Doc hayaline ulaşmak için kendisine yardım edecek insanları bulma umuduyla Tel- Aviv sahilinde dolaşmaya başladı. Hilton plajına geldiğinde İsrailli cankurtaran Shamai “Topsi” Kanzapolki ile karşılaştı. Aklından geçenleri anlattığında, Topsi de kendisi kadar heyecanlandı. Doc İsrail’in ilk sörfçüsü olacak ismi bulmuştu.

O yıllarda Tel- Aviv sahillerine vuran dalgaların boyu bugüne göre çok daha yüksekti ve bu şartlar altında sörf yapmak oldukça tehlikeli ve cesaret isteyen bir işti. Ama Topsi ve diğer cankurtaran arkadaşları dalga sörfü sporunu öğrenme konusunda hem cesur, hem de hevesliydi. O güne kadar İsrail’de hiç dalga sörfü yapılmamış olsa da bu işi Topsi ve cankurtaran arkadaşlarından daha iyi yapabilecek kimse olamazdı. Çünkü o günlerde İsrailli cankurtaranlar, Araplar tarafından kıyıda balık avlamak için kullanılan Hasake adındaki geniş düz tahtalardan esinlenerek yaptıkları sörfe benzer bir aracı denizde zor durumda kalanları kurtarmak için kullanıyorlardı. Dalga sörfü ile birebir aynı prensiplere sahip olmasa da, benzerlikler vardı.
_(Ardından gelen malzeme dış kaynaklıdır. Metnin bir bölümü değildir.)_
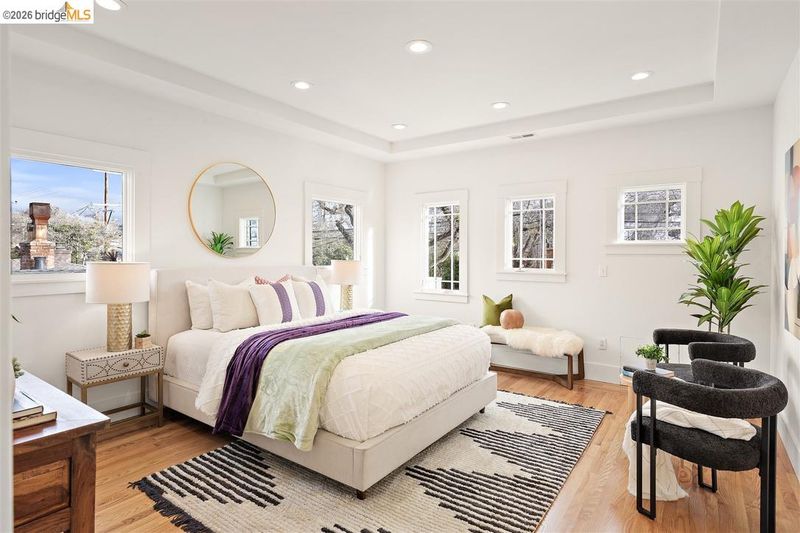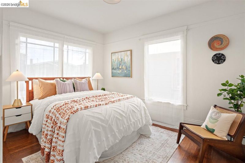 Sunny home on a quiet, tree-lined street in South Berkeley, just blocks from Berkeley Bowl West, San Pablo Park, and everyday urban conveniences. Remodeled in 2004, this classic Craftsman blends period character with modern updates, featuring hardwood floors, built-ins, and generous windows that fill the home with natural light. The chef-inspired kitchen anchors the living areas and includes Bosch, Dacor, and Viking appliances designed for everyday cooking and entertaining. The primary suite offers a spa-like bath with walk-in shower, soaking tub, and large walk-in closet. Outside, enjoy a patio, fruit trees, potting shed, and garage—ideal for gardening and weekend projects. Solar enhances efficiency, and the home is located within the Berkeley Unified School District.

Dorian’ın verdiği dersler önceleri İsrailli cankurtaranların, zamanla sahilde dersleri izleyen meraklı kalabalığın dalga sörfü ile tanışmasını sağladı.

Birkaç yıl içinde İsrailliler sörf konusunda deneyim kazanmaya başladı. Ama hala ülkeyi uluslararası yarışmalarda temsil edecek bir takım kurulmamıştı. Bir kaç yıl sonra Dorian İsrail’e geri döndü ve yanında hevesli İsraillilerin kullanımı için yeni sörf tahtaları getirdi. Ülkenin yeni yeni kurulmaya başlayan sörf hayatına katılan az sayıdaki İsrailli Dorian’ın dersleri sayesinde Haseke sistemiyle sörf yapmayı bırakıp, evrensel teknikleri öğrendiler. 70’li yılların ortasında Dorian İsrail’i bir diğer büyük yenilikle tanıştırdı. Bu sörf tahtasına benzeyen ancak ebatları oldukça küçük şeyin en büyük farkı üzerinde dört tane küçük tekerlek olmasıydı. Sörften sonra Dorian İsrail’de kaykayın da öncülüğünü yapan isim olmuştu.

Kısaca Dorian “Doc” Paskowitz 50 yıl arayla önce İsrail’e, sonra da Filistin’e sörfü sevdirmek için Ortadoğu’daydı.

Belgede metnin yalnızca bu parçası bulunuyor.